I guess they decided losing their homes was a new sport. That living in tent cities or cars, is preferable to working. Having no health insurance is a new casino game.
And that’s precisely the problem. Those jobs aren’t all empty because people refuse to take them. You don’t seem to get that point.
Employers want some prerequisites. Beyond skills and qualifications, they also want to know a new employee will stick around past the initial training/introduction period long enough to provide a benefit to the bottom line.
It costs money not just to have a position unfilled but to have to deal with all the necessary work in posting openings on job sites and accepting resumes/doing interviews.

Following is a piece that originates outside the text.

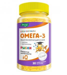Бэби Формула Мишки Омега-3Вкусная мармеладная омега-з для развития детского интеллекта. Детям с 3 лет.Активное вещество: омега-3 (ДГК), холин, витамин В6, витамин В12, витамин С.Действие: развитие интеллекта, памяти и внимания.Для того, чтобы ребенку легко давалась учеба – чтение, письмо, новые знания – его питание должно быть качественным и разнообразным, включающим достаточное количество полиненасыщенных жирных кислот омега-3, а также других полезных для развития мозга элементов.Фармацевтическая компания «Эвалар» представляет современный комплекс для развития интеллекта, памяти и внимания ребенка в виде вкусных мармеладных мишек «Бэби Формула Мишки Омега-3».Комплекс подходит для детей с трехлетнего возраста, школьников младших, средних и старших классов.В состав этого комплекса входит высокоочищенная омега-3 (докозагексаеновая кислота (ДГК)) из экологически чистых микроводорослей от испанской компании SOLUTEX. Микроводоросли лишены аллергенных свойств, присущих рыбе1, и содержат омегу-3 в высокоусвояемой2 триглицеридной форме, более родственной организму.Помимо омега-3 комплекс содержит витамины для мозга – В6, В12, С, а также холин – в эффективных высоких дозировках.Благодаря усиленному составу «Мишки Эвалар Омега-3» способствуют: Восполнению дефицита омега-3 (ДГК) Улучшению работы мозга Развитию интеллекта, памяти и внимания Повышению способности к обучению Поддержанию нервной системы Формированию и поддержке хорошего зренияА яркий фруктовый вкус и натуральный аромат сделают эти пастилки приятным лакомством для вашего ребенка.Преимущества: Качественный состав: высокоочищенная омега европейского качества, полученная из микроводорослей (компания SOLUTEX, Испания) Экологически чистое сырье Высокая степень усвояемости за счет триглицеридной формы докозагексаеновой кислоты, которая является природной и более родственной организму ребенка Микроводоросли лишены аллергенных свойств, присущих рыбе1 Усиленный состав – помимо омега-3 комплекс содержит витамины для мозга – В6, В12, С, а также холин – в эффективных высоких дозировках Доступная цена3 Яркий фруктовый вкус и приятный натуральный аромат Без глютена и ГМО Без искусственных красителей, ароматизаторов и консервантов Специальная крышка с защитой от вскрытия детьми

That’s why you’re not going to see a company hire an IT professional or a welder to push a broom. Or even to make copies and answer phones. Those folks will leave as soon as possible. Unless you force them to hire an available over-qualified person (and accept the costs associated with potentially losing them when the economy picks up), they’ll sit there with open positions until they get the type of person they want. Beyond that, it’s not a good long-term solution for the unemployed.
It’s exactly the situation we’ve got at work. We get 50-100 resumes for each person we hire. Most are ostensibly qualified (they don’t even bother applying if not) but a direct interview reveals we don’t want to take most of them for whatever reason. In theory, any science/engineering graduate could be trained enough to perform our available jobs, but we don’t want a seat warmer. We want other qualities.

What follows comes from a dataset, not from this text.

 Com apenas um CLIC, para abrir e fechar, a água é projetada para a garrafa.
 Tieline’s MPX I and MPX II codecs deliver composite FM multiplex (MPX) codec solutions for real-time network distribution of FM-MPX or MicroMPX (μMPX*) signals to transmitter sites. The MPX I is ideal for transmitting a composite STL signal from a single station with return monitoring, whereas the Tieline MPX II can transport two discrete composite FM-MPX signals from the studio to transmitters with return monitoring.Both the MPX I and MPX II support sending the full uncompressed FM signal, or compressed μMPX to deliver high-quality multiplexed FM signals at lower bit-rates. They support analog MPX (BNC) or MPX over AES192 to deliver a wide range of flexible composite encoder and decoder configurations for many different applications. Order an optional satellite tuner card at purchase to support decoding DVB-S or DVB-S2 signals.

So, those positions will stay empty until we find people we want, even if we offer those positions at half the usual salary to people we don’t particularly want. We’d take them if forced, but that’s a crappy way to solve an unemployment problem - forcing both employee and employer into a situation they don’t want.
The real beauty is employers will not consider a person who is not working. That ends up with a shuffling of workers. The unemployed are not being considered . How do they get off unemployment with that hurdle in front of them.
The L.A. Times just had an article today that articulate another issue: Many companies won’t hire because they don’t know how they’ll be doing within the next few months due to the economy, but if they don’t hire, the economy won’t improve much with more people out of work.
Cutting back on taxes and Federal Programs will be a death spiral for the economy. Slashing agencies like the EPA will throw thousands into the streets. All the moves the Repubs are pushing are intended to dampen the economy and screw Obama. It is a dangerous game to play. A lot of people will be hurt if they get their way. We have a huge unemployment problem that the Repubs will make worse.
Only bringing this up again because things don’t seem to be improving in terms of unemployment insurance. In CA we’re lucky just to get 26 weeks of it. Some states don’t even offer that much.
I can’t begin to count the number of times I was told “You’re overqualified” by someone with full sleeve tats, enough body jewelry to set off a metal detector at 100 yards, and hair dyed a color that does not exist in nature. I’ve joked that maybe I should do some body modifications so I could find a job. Then I “hired myself” and solved that problem.